Metadata-Version: 2.1
Name: mappgene
Version: 1.3.1
Summary: Genomic sequence analysis for high-performance computing
Author: Joseph Moon
Maintainer: Aram Avila-Herrera
Maintainer-email: avilaherrera1@llnl.gov
Classifier: Development Status :: 4 - Beta
Classifier: License :: OSI Approved :: BSD License
Classifier: Operating System :: POSIX :: Linux
Classifier: Topic :: Scientific/Engineering :: Bio-Informatics
Classifier: Topic :: System :: Distributed Computing
Classifier: Programming Language :: Python
Classifier: Programming Language :: Python :: 3
Classifier: Programming Language :: Python :: 3 :: Only
Classifier: Programming Language :: Python :: 3.7
Classifier: Programming Language :: Python :: 3.8
Classifier: Programming Language :: Python :: 3.9
Requires-Python: >=3.7
Description-Content-Type: text/markdown
License-File: LICENSE
License-File: NOTICE

mappgene
========

[![DOI](https://zenodo.org/badge/367142630.svg)](https://zenodo.org/badge/latestdoi/367142630)

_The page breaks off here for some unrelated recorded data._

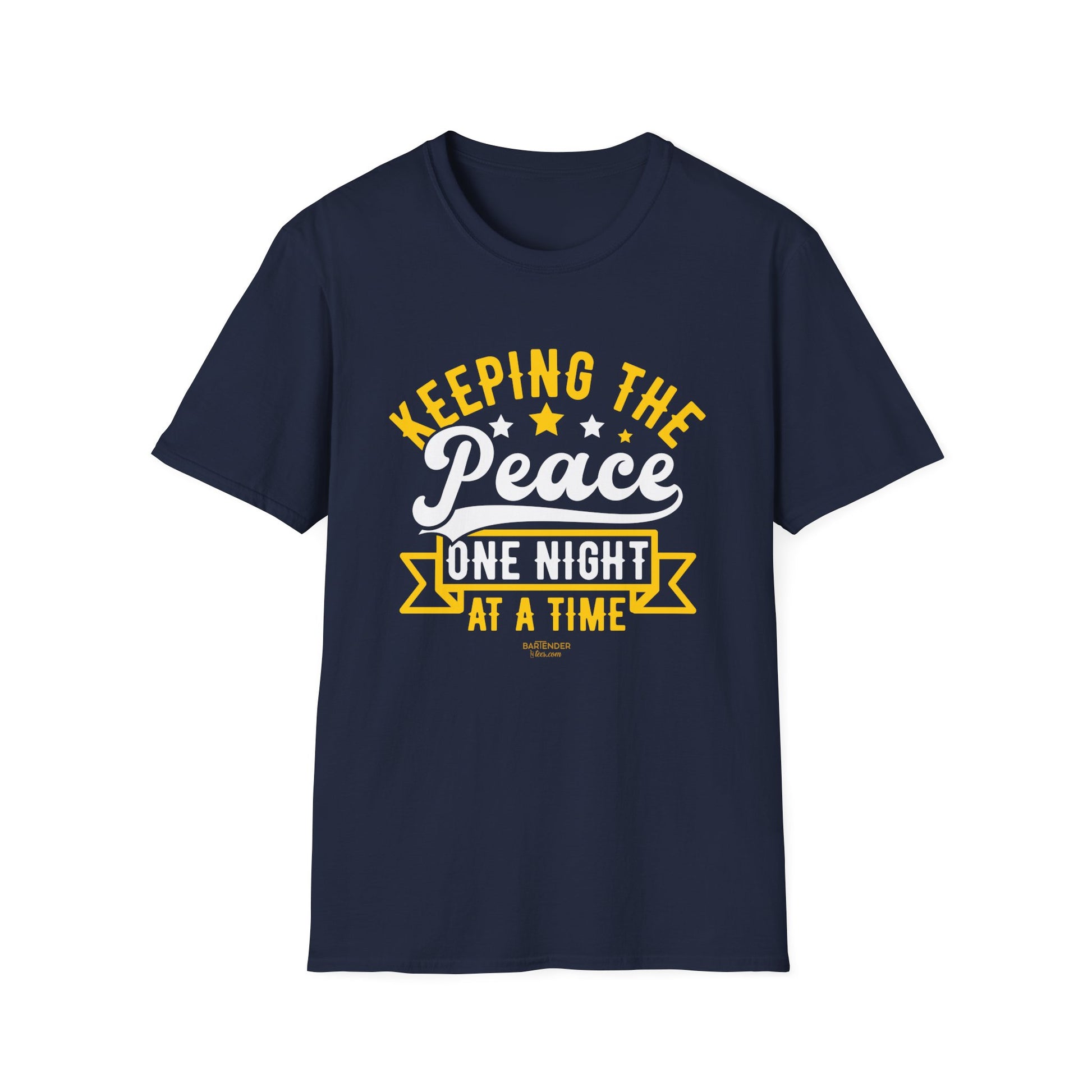 Maintain order with style in this "Keeping the Peace One Night at a Time" design. Whether you're a bartender, bouncer, or just someone who knows how to keep things under control, this shirt lets everyone know you're the one holding it down. With bold fonts and a standout color scheme, it's perfect for those who work hard to keep the vibes cool and collected.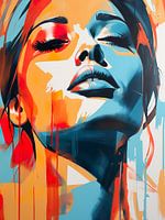 In dit betoverende vrouwenportret komt de schoonheid van de vrouw tot leven door een explosie van rijke kleuren en subtiele abstractie. De kunstenaar heeft met meesterlijk vakmanschap diverse tinten gebruikt om de nuances van emotie en individualiteit vast te leggen. Het portret straalt een tijdloze gratie uit, waarbij de kleuren samenkomen als een harmonieuze symfonie, en de lichte abstracte elementen voegen een vleugje mysterie toe aan het visuele meesterwerk.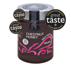 To μέλι πεύκου είναι παχύρευστο με κεχριμπαρένιο χρώμα και ουδέτερη γεύση. Συλλέγεται στα πευκοδάση της Χαλκιδικής. Ο αρμονικός συνδυασμός θάλασσας και πευκοδάσους μεταφέρει στο μέλι την αύρα και τα αρώματα του Αιγαίου πελάγους.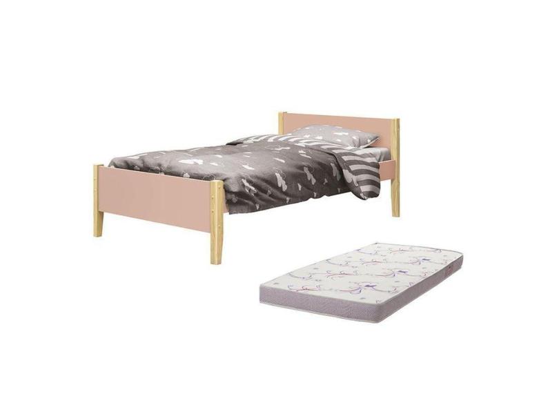 Cama Solteiro Simba Rosa Fosco Pés Madeira Natural Com Colchão D20 - Reller Móveis Rosa Fosco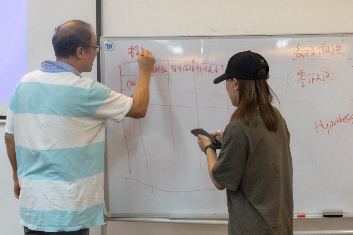 第二位是国贸1901班的周子艾同学。他把第二章分成四个部分,再分别深入解析,并将同学们的管理学成绩做成数据表格,张光院长以这个表格为例,为同学们展示了SPSS软件的简单使用方法和操作。张光院长在电脑上与大家一起逐步操作SPSS,虽然步骤复杂,但院长很有耐心地讲解着。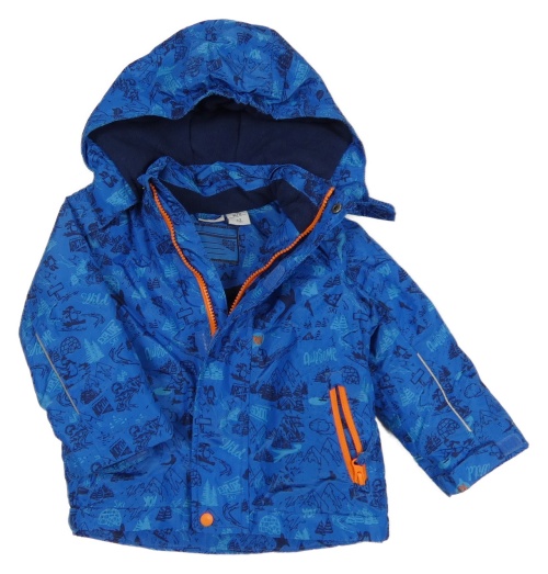 Modrá šušťáková lyžiarska bunda s potlačou a kapucňou Lily&Dan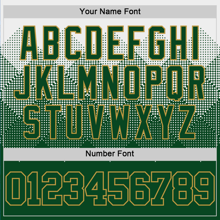 Custom White Green-Old Gold Gradient Square Shapes Round Neck Sublimation Basketball Suit Jersey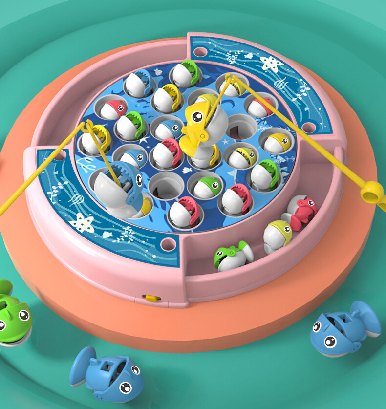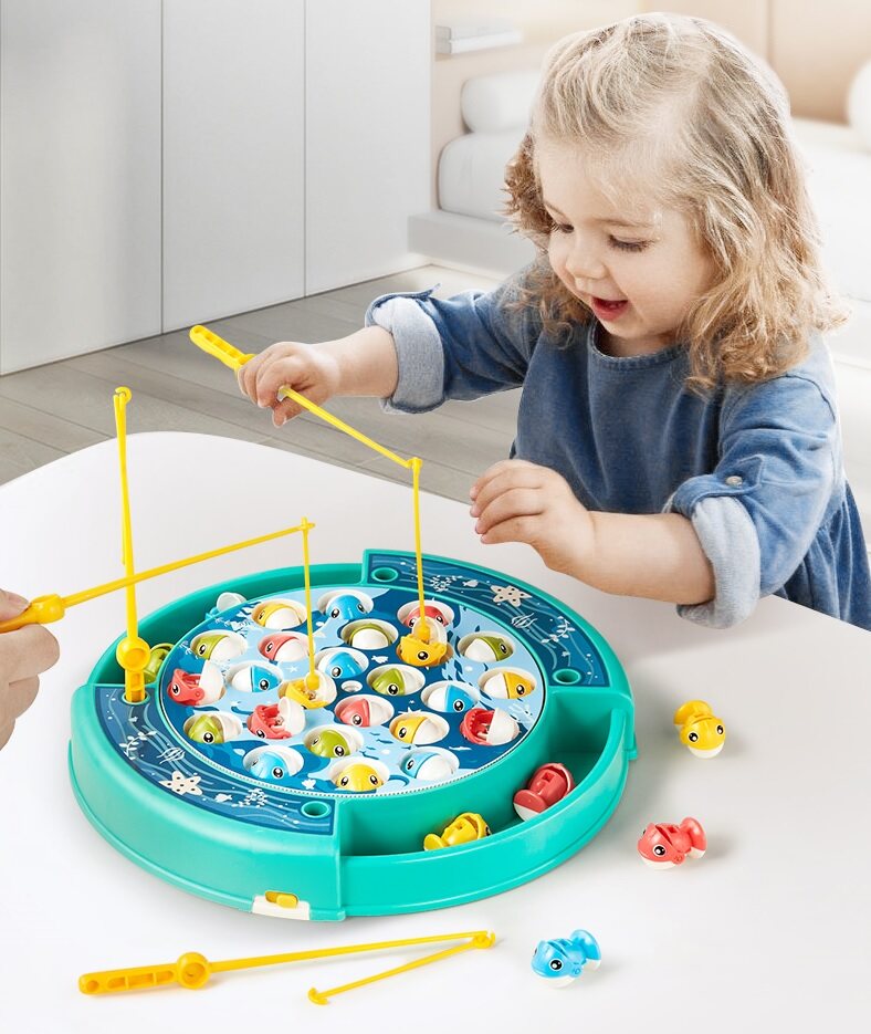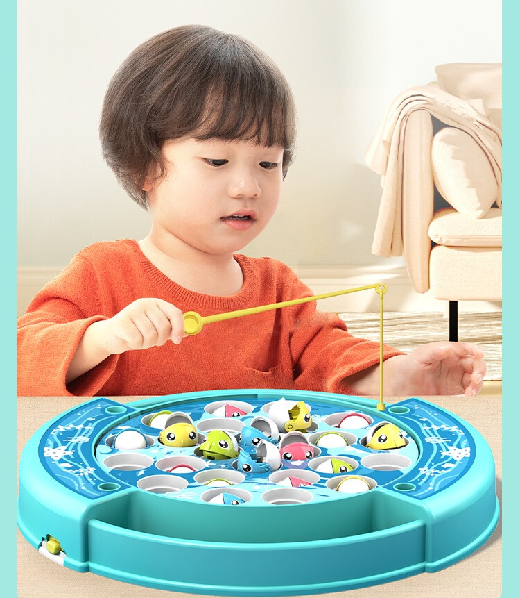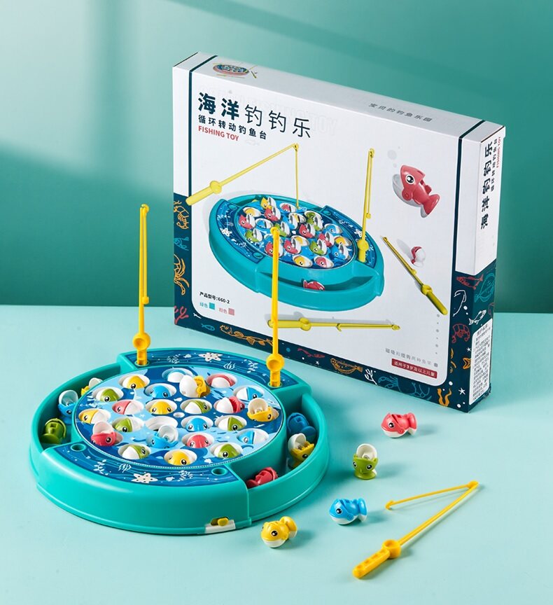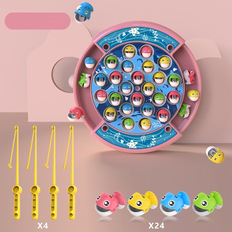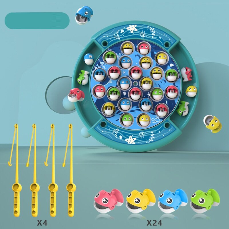 Let's Go Fishing ! Electric Rotating Fishing Game | with Music On/Off Switch for Quiet Play | Includes 24 Fish and 4 Poles | Gift Toy for Kids and Toddlers Age 3 4 5 6 7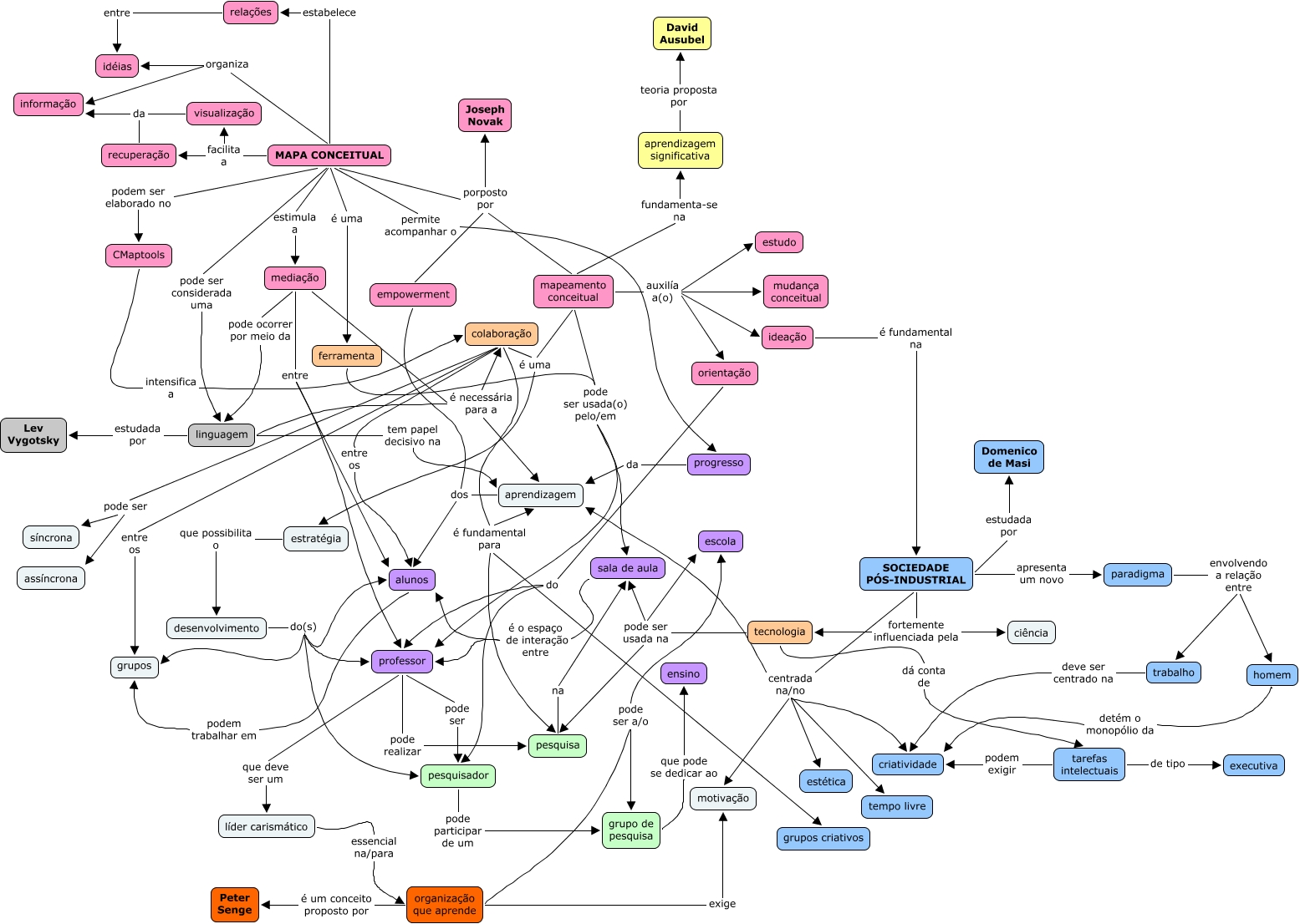 Este Mapa Conceitual tem informações relacionadas a: Chapter2_v5, colaboração entre os grupos, mapeamento conceitual auxilía a(o) orientação, recuperação da informação, MAPA CONCEITUAL podem ser elaborado no CMaptools, estratégia que possibilita o desenvolvimento, orientação do professor, grupo de pesquisa que pode se dedicar ao ensino, paradigma envolvendo a relação entre trabalho, SOCIEDADE PÓS-INDUSTRIAL centrada na/no estética, SOCIEDADE PÓS-INDUSTRIAL centrada na/no motivação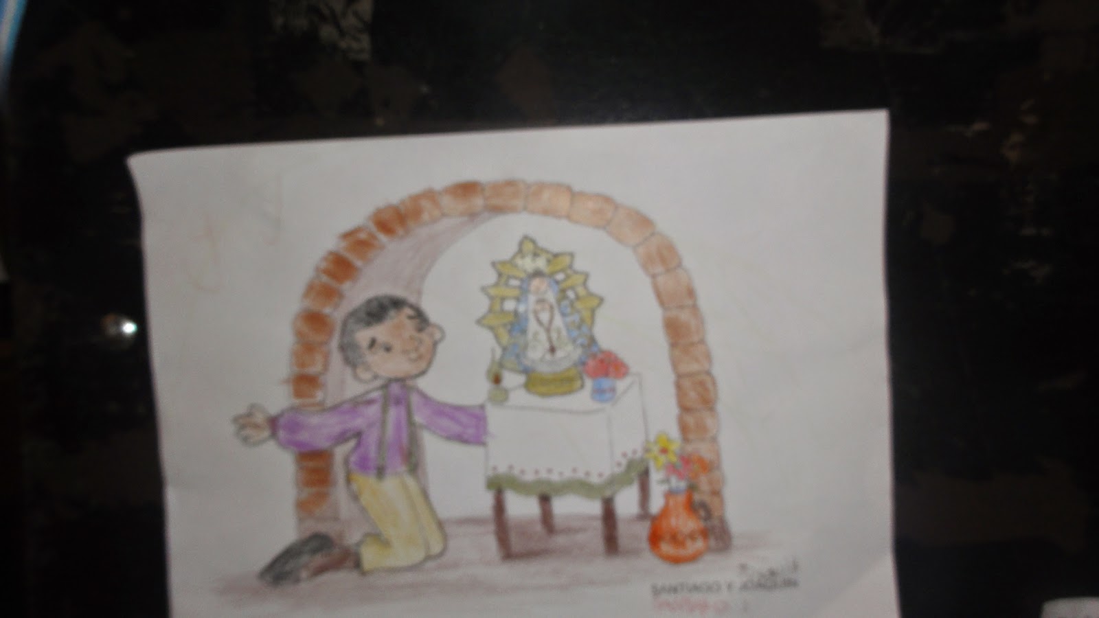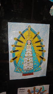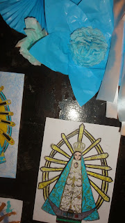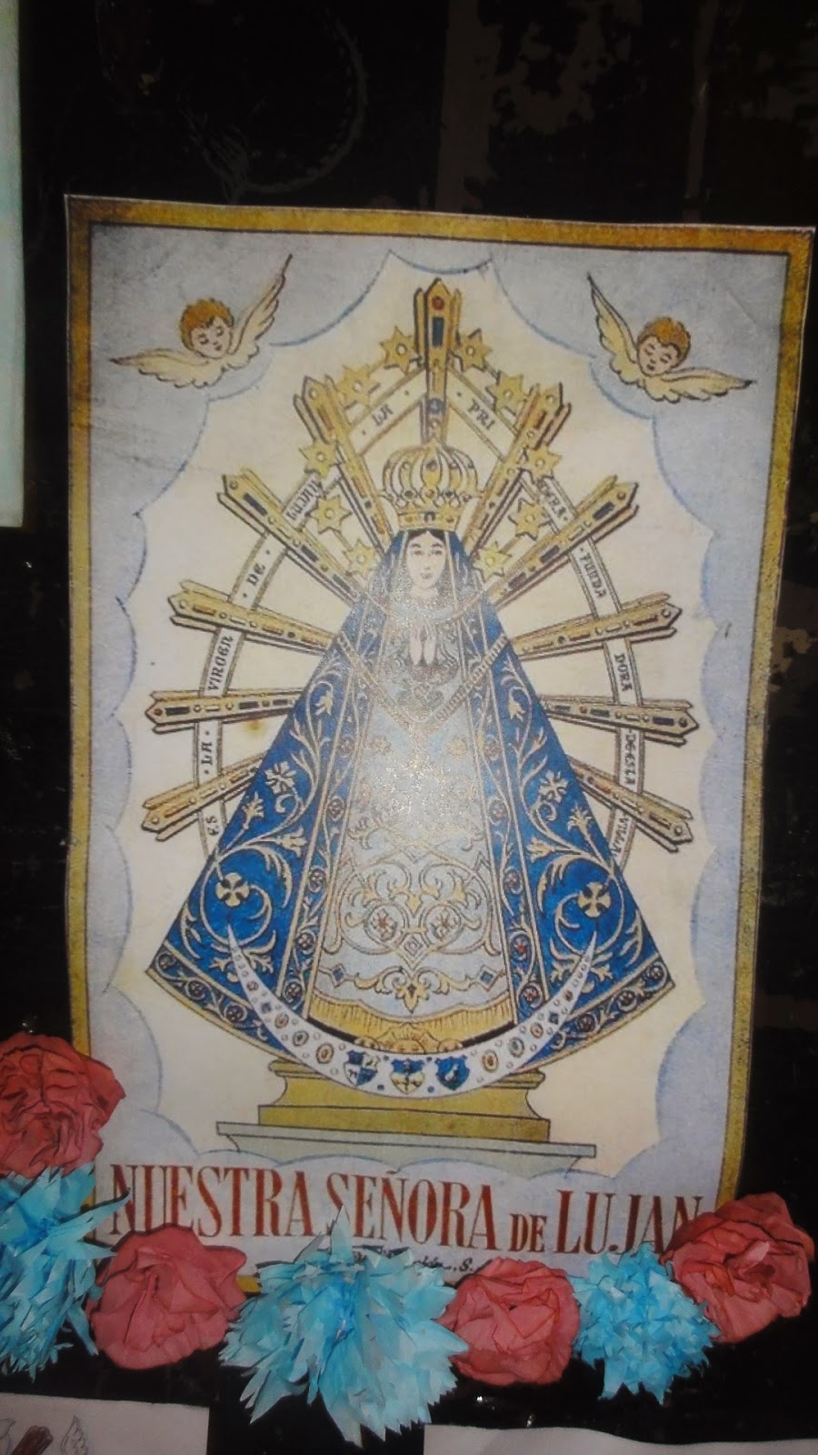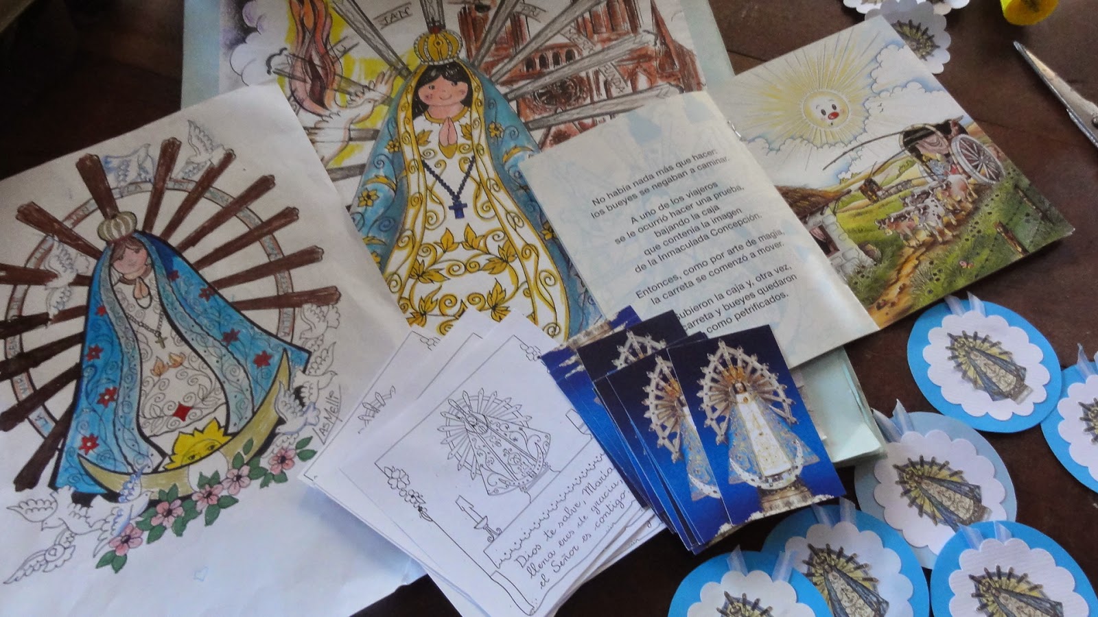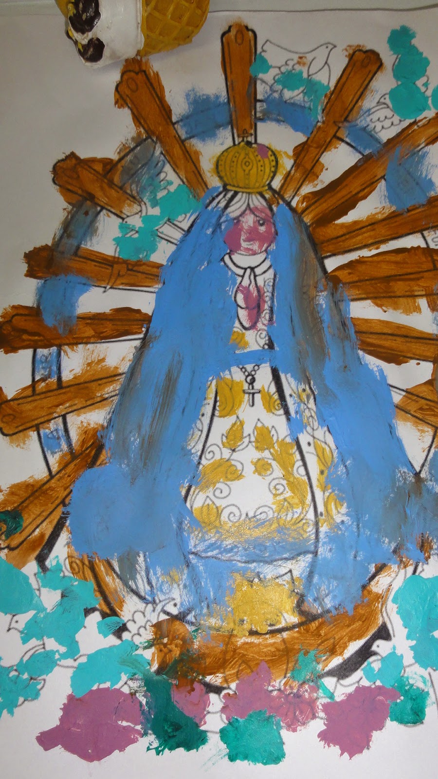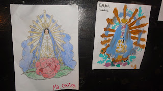 El trabajo en casa consistió en observar la imagen los colores, el significado de cada cosa, quien es María (Nuestra Madre), por qué es de Luján (porque en un suceso milagroso se quedó en un paraje junto al río Luján) en nuestro país, qué características distintivas tiene la imagen, (manto celeste con decoraciones doradas, corona, detrás una rayera que representa el sol, debajo una media luna con escudos) debajo de ese vestido es una imagen de la Inmaculada Concepción.
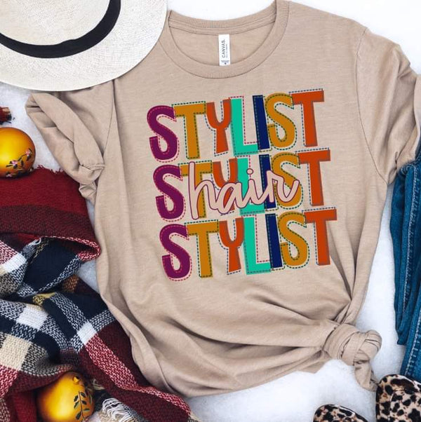Hair stylist stacked (multi color lettering) 9133 DTF TRANSFER

mappgene is a SARS-CoV-2 variant calling pipeline designed for high-performance
parallel computing. It mainly wraps iVar (https://github.com/andersen-lab/ivar)
and LoFreq (https://github.com/CSB5/lofreq) variant callers, plus
snpEff/snpSift annotation tools.

Inputs: short-read paired-end Illumina RTA3 sequencing data in fastq format
(gzip compressed) (e.g., `SAMPLE_R1.fastq.gz SAMPLE_R2.fastq.gz`)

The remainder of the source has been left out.